# Which K2 board? Conflicting advice



## Guest (Nov 8, 2008)

Hi all

I've just tried out a couple of boards on the slope today (K2 Believer and an Endeavor Live). I enjoyed both and am torn on which to go for (any advice?) I'm more interested in just riding the mountain and not hitting the park.

I always thought the Believer was more of a freestyle park board and was recommended the K2 Zeppelin instead.

However, when i went to demo the Zeppelin today, I was told the opposite...that I should leave the Zeppelin alone and go for the Believer instead.

Help!! Any other recommendations would be appreciated.

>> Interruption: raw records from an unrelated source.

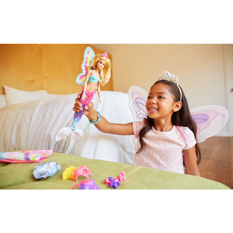 Laissez vos rêves courir, plonger et voler avec l’ensemble de poupée Barbie ™ Dreamtopia Fairytale Rainbow Cove ™ qui comprend une poupée Barbie® et trois tenues fantastiques différentes – une sirène, une fée et une princesse!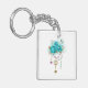 Clé d'or antique aux roses turquoise tendance décorée de feuilles d'or blanc et de perles rose et bleu. Couleur tendance. Rose turquoise. Blanc doré. Tiffany bleu.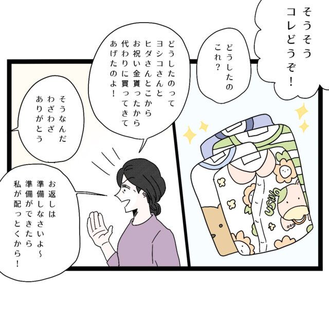 3. 友人からの出産祝いで勝手に買い物、お返しの準備だけは娘に投げる実母がしんどい[7-1]|ママ広場オリジナルマンガ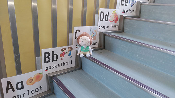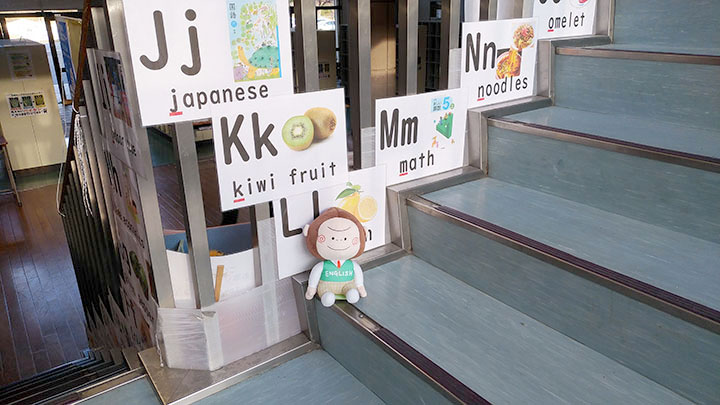 校内には、たくさんの英語の掲示物が廊下や階段、教室などに貼られているよ。授業の始めに実施しているアルファベットジングル(発音練習)用の教材をアルファベットごとにカードで表示をするなどして、常に子どもたちの目に英語が触れられる状態を生み出しているそうです。

I've got about 5 years experience on the mountain. Just interested in riding. Goofy, with Vans Fargo boots and looking at probably Burton Cartell bindings. I'm 5'9 and 90KG

many thanks


----------



## Guest (Nov 8, 2008)

Believer Boooouy!


----------



## BurtonAvenger (Aug 14, 2007)

The believer is designed to be a backcountry freestyle deck. Realistically you should have been on the Zepplin for what you're describing.


----------



## Extremo (Nov 6, 2008)

So just riding? No spins or airs or any other freestyle stuff? Then go with the Zepplin. Even if you're inner rad starts to break through and you want to start popping of some bumps or hips the Zepplin will be adequate enough.


----------